The first time my OB GYN used the word “infertility” around me, it sent me into a tailspin, followed by several months of depression.

I had gone in for my annual pap smear … which I had previously delayed for 8 months because I kept thinking I would be pregnant before I could get an appointment. Ha. I mentioned the waiting time to my doctor and asked for any advice. She casually said, “Keep trying for a few more months, get your husband checked out, and if that doesn’t work, we’ll send you to an infertility doctor.” I can still exactly picture the moment she uttered the dreaded word. She was walking toward the back of the room, her face away from me.

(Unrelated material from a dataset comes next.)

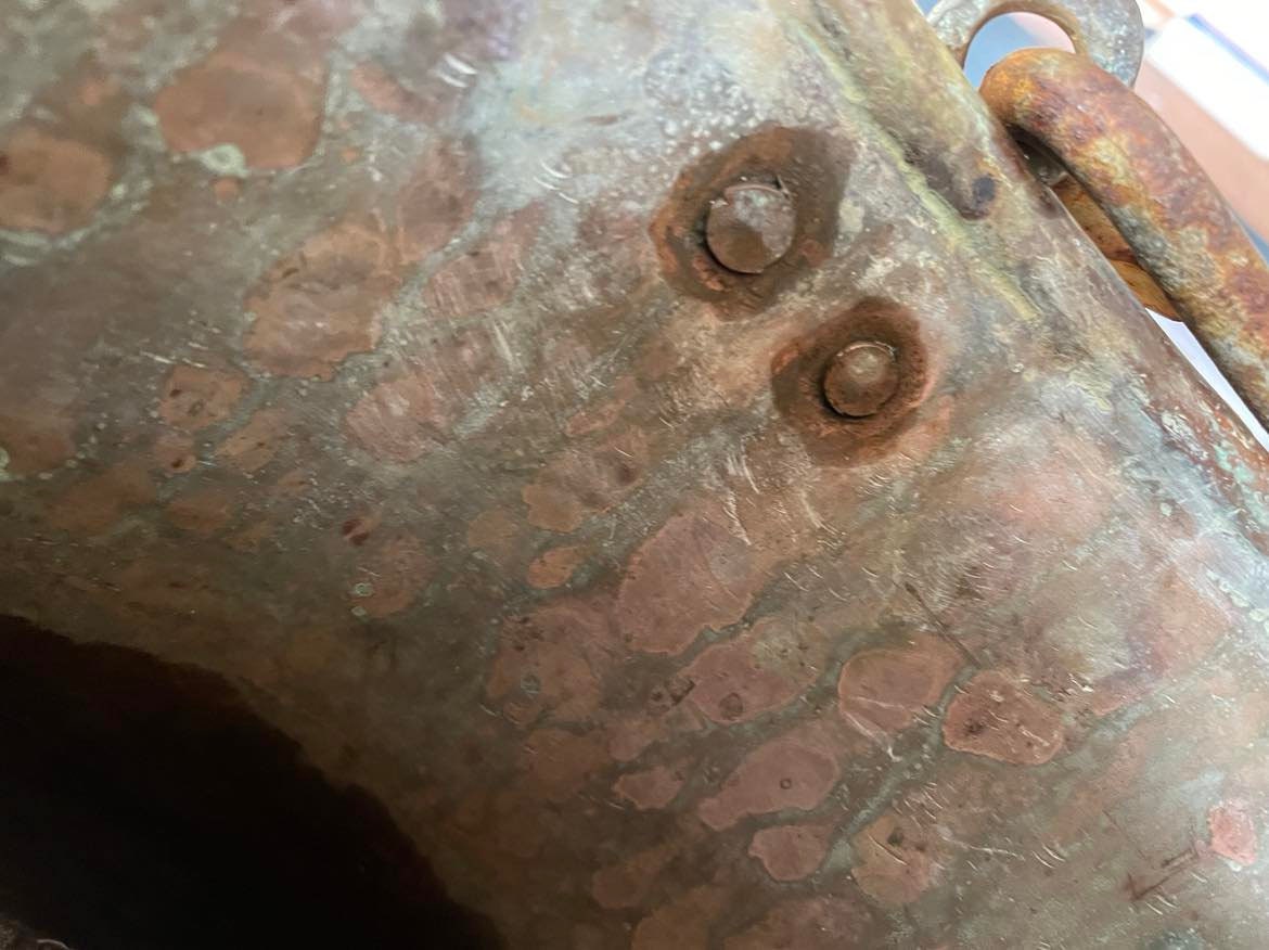 Dovetail seams to side and base. Rolled copper rim, slightly dented in places, with a forged iron handle; attatched to the pot either side with copper rivets and brass plates.

I was already upset that the whole baby-making thing was taking longer than I had anticipated. But at that point, I was just frustrated at the wait. Hearing that word sent my mind on a whole new path.  I was not ready to face that it might continue to take longer and longer and longer.  I was not ready to claim an illness. I was not ready to fight with doctors about IVF, to undergo tests and treatments. I did not want to learn about fertility drugs. I wanted to learn how to make homemade baby food.

I still don’t like the word “infertility.” The “in” prefix seems to indicate an inability and a permanence that I am not ready to claim. Nevertheless, more than  a “few more months” have come and gone without any signs of pregnancy, so clearly things are not functioning properly.  I made up a term to describe my condition: “suboptimal fertility.”

This afternoon I looked up the definition of “infertility,” and it has all the loaded-ness and sadness that I had suspected.

From Merriam Websters:

infertility: from Middle French and Late Latin; not fertile or productive ; especially : incapable of or unsuccessful in achieving pregnancy.

I’ll admit being “unsuccessful” … at least so far. But I don’t like “incapable.” I am hoping for healing!

Next I looked up the medical definition, and now I want to cry.

Definition: Infertility is the inability to become pregnant after 12 months of unprotected sex (intercourse).
Alternative Names: Barren; Inability to conceive; Unable to get pregnant.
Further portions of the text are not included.